### DATA

- - - -

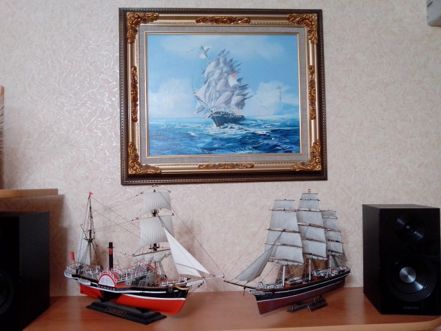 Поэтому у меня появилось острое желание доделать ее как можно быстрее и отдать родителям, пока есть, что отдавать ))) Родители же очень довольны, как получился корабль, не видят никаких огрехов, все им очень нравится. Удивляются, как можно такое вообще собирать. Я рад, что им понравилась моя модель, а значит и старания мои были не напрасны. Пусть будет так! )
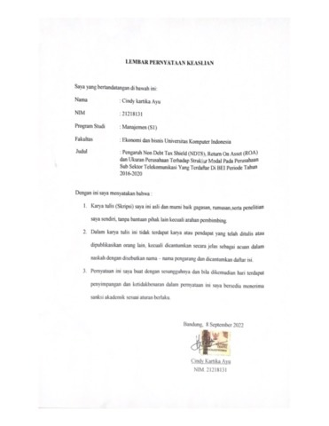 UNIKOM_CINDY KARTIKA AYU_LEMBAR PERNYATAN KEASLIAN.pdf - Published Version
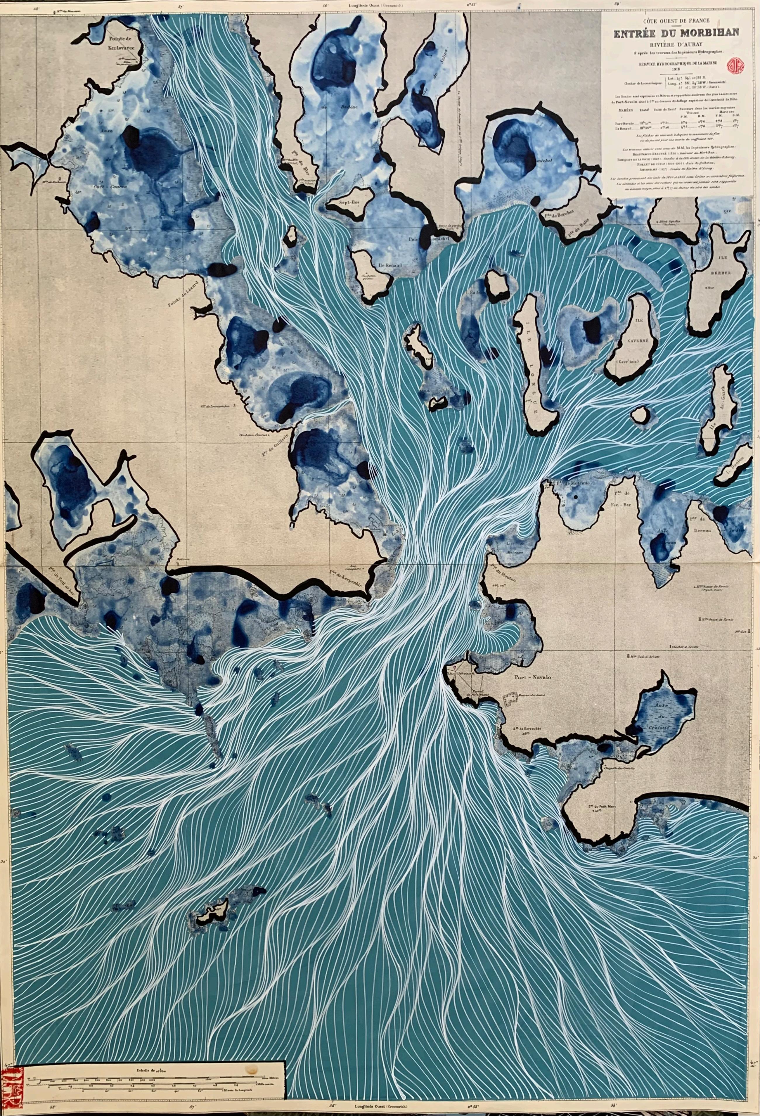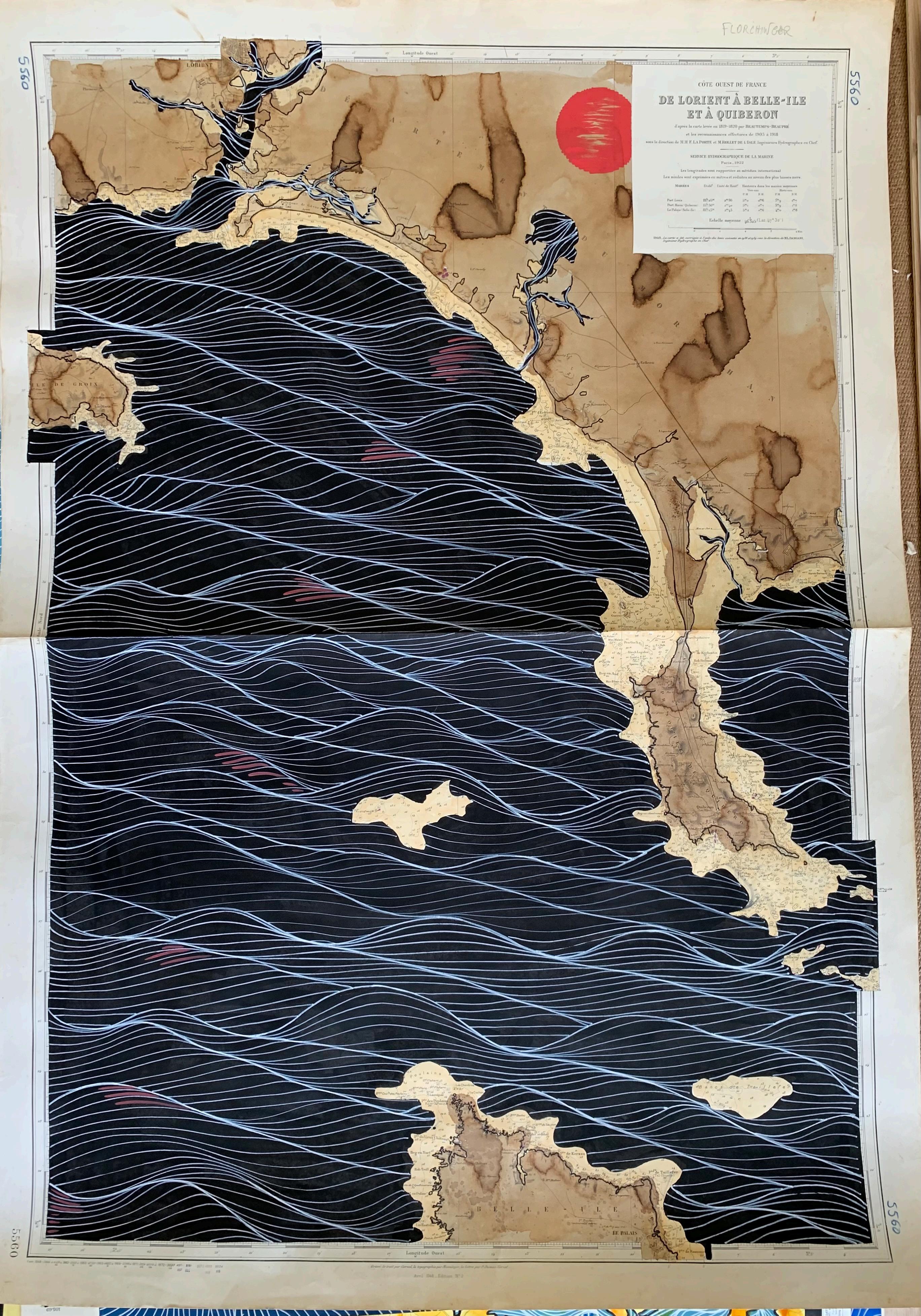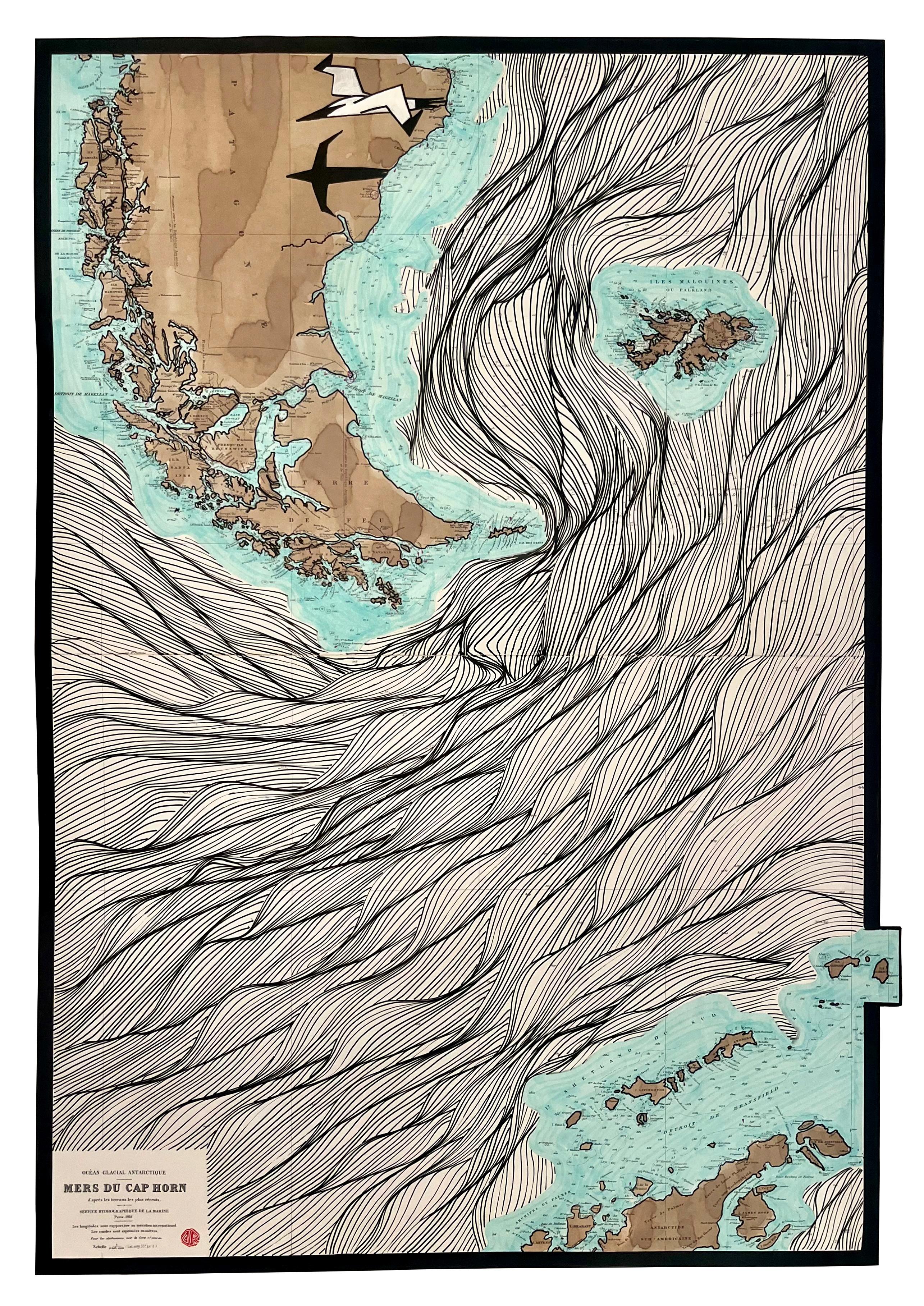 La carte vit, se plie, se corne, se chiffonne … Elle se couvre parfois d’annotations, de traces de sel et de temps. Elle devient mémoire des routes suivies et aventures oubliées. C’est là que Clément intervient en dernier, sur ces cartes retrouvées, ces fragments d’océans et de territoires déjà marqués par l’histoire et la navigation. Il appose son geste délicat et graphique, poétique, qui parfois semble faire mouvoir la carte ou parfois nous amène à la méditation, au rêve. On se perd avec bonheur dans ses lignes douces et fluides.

- - - -

### EXERCISE DIRECTIONS
Give the data again exactly as it stands, apart from the pictures.

### SOLUTION BELOW
 Поэтому у меня появилось острое желание доделать ее как можно быстрее и отдать родителям, пока есть, что отдавать ))) Родители же очень довольны, как получился корабль, не видят никаких огрехов, все им очень нравится. Удивляются, как можно такое вообще собирать. Я рад, что им понравилась моя модель, а значит и старания мои были не напрасны. Пусть будет так! )
 UNIKOM_CINDY KARTIKA AYU_LEMBAR PERNYATAN KEASLIAN.pdf - Published Version
 La carte vit, se plie, se corne, se chiffonne … Elle se couvre parfois d’annotations, de traces de sel et de temps. Elle devient mémoire des routes suivies et aventures oubliées. C’est là que Clément intervient en dernier, sur ces cartes retrouvées, ces fragments d’océans et de territoires déjà marqués par l’histoire et la navigation. Il appose son geste délicat et graphique, poétique, qui parfois semble faire mouvoir la carte ou parfois nous amène à la méditation, au rêve. On se perd avec bonheur dans ses lignes douces et fluides.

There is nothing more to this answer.